De-speckling of Optical Coherence Tomography Images Using Anscombe Transform and a Noisier2noise Model

TL;DR

This paper introduces a novel OCT image denoising method that uses the Anscombe transform and a Noisier2noise model, enabling effective training with only single noisy observations without needing clean images or multiple noisy samples.

Contribution

It presents a new approach combining Anscombe transform with a Noisier2noise model for OCT denoising, allowing training with single noisy images and outperforming existing methods.

Findings

Outperforms several existing denoising methods on OCT images.

Effectively trains with only a single noisy observation per image.

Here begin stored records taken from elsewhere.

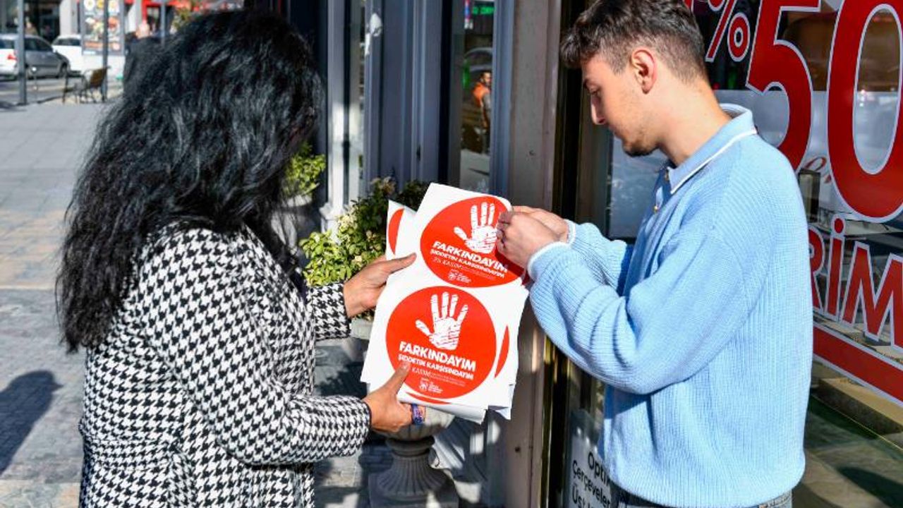 Ayrıca uygun görülen iş yerlerinin girişlerine, farkındalığı görünür kılmak amacıyla “Farkındayım, Şiddetin Karşısındayım” yazılı yapıştırmalar (stickerlar) asıldı.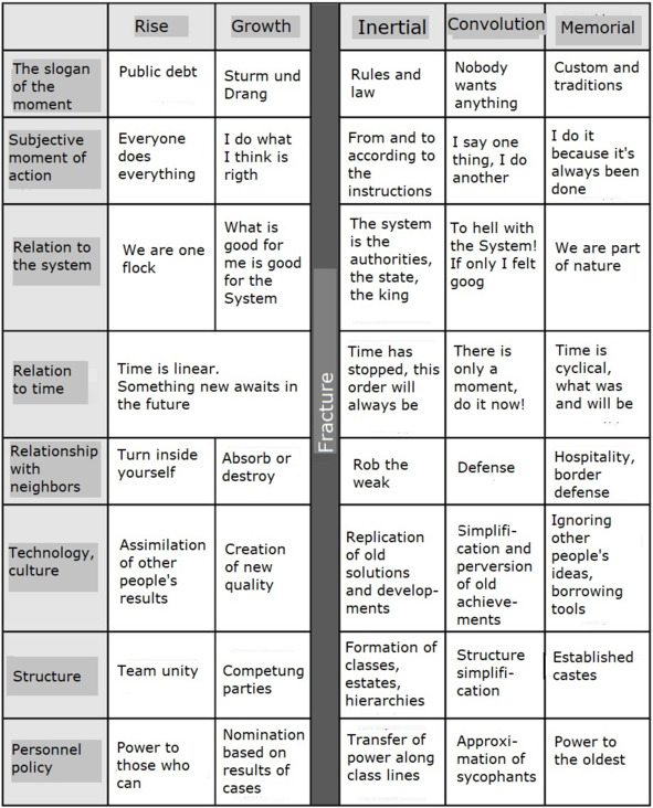 Table 2. Imperatives of behavior at different stages of the life cycle according to Gumilev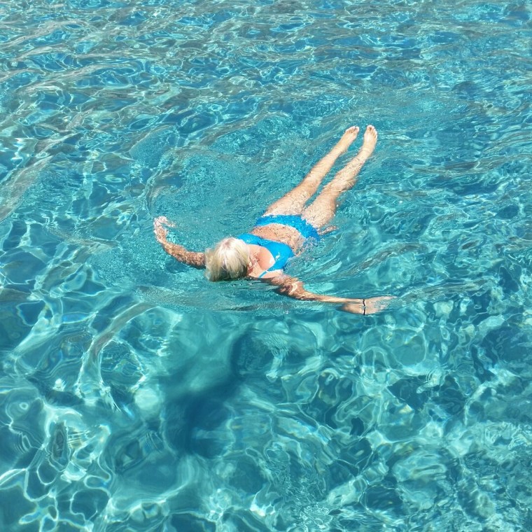 Här badar jag i vattnet precis utanför Kleftiko…..& mer turkost vatten får man nog leta efter, eller vad tror ni??? Vi har bara sett likadant vatten på en Ö tur vid Paxos och AntiPaxos som vi gjorde för många år sedan när vi besökte Parga på fastlandet!!!💙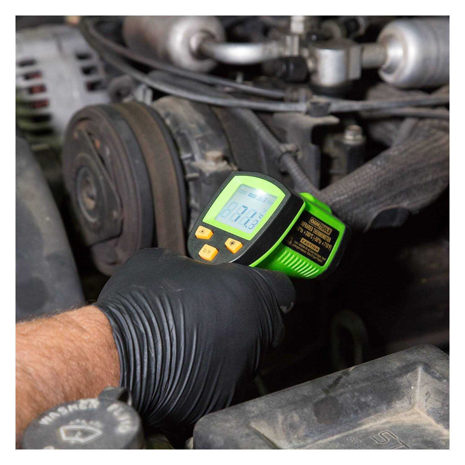 The OEMTOOLS Infrared Thermometer is a non-contact thermometer that is point and click to determine temperature range and features a laser pointer to identify the spot to be measured. It reads both Fahrenheit and Celsius scales. It boasts an accuracy of +2.5% of reading or 2.5 Celsius.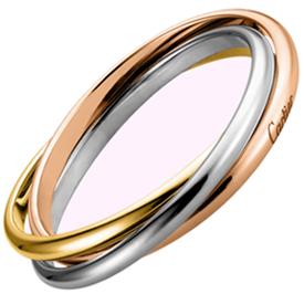 1924 – Anel TRINITY. Criado em parceria com o artista plástico Jean Cocteau para um amigo de Cartier. Três alianças entrelaçadas em três tons de ouro: branco para a amizade, amarelo para a fidelidade e rosa para o amor.

Validated on a publicly available OCT dataset.

Abstract

Optical Coherence Tomography (OCT) image denoising is a fundamental problem as OCT images suffer from multiplicative speckle noise, resulting in poor visibility of retinal layers. The traditional denoising methods consider specific statistical properties of the noise, which are not always known. Furthermore, recent deep learning-based denoising methods require paired noisy and clean images, which are often difficult to obtain, especially medical images. Noise2Noise family architectures are generally proposed to overcome this issue by learning without noisy-clean image pairs. However, for that, multiple noisy observations from a single image are typically needed. Also, sometimes the experiments are demonstrated by simulating noises on clean synthetic images, which is not a realistic scenario. This work shows how a single real-world noisy observation of each image can be used to train a denoising network. Along with a theoretical understanding, our algorithm is experimentally validated using a publicly available OCT image dataset. Our approach incorporates Anscombe transform to convert the multiplicative noise model to additive Gaussian noise to make it suitable for OCT images. The quantitative results show that this method can outperform several other methods where a single noisy observation of an image is needed for denoising. The code and implementation of this paper will be available publicly upon acceptance of this paper.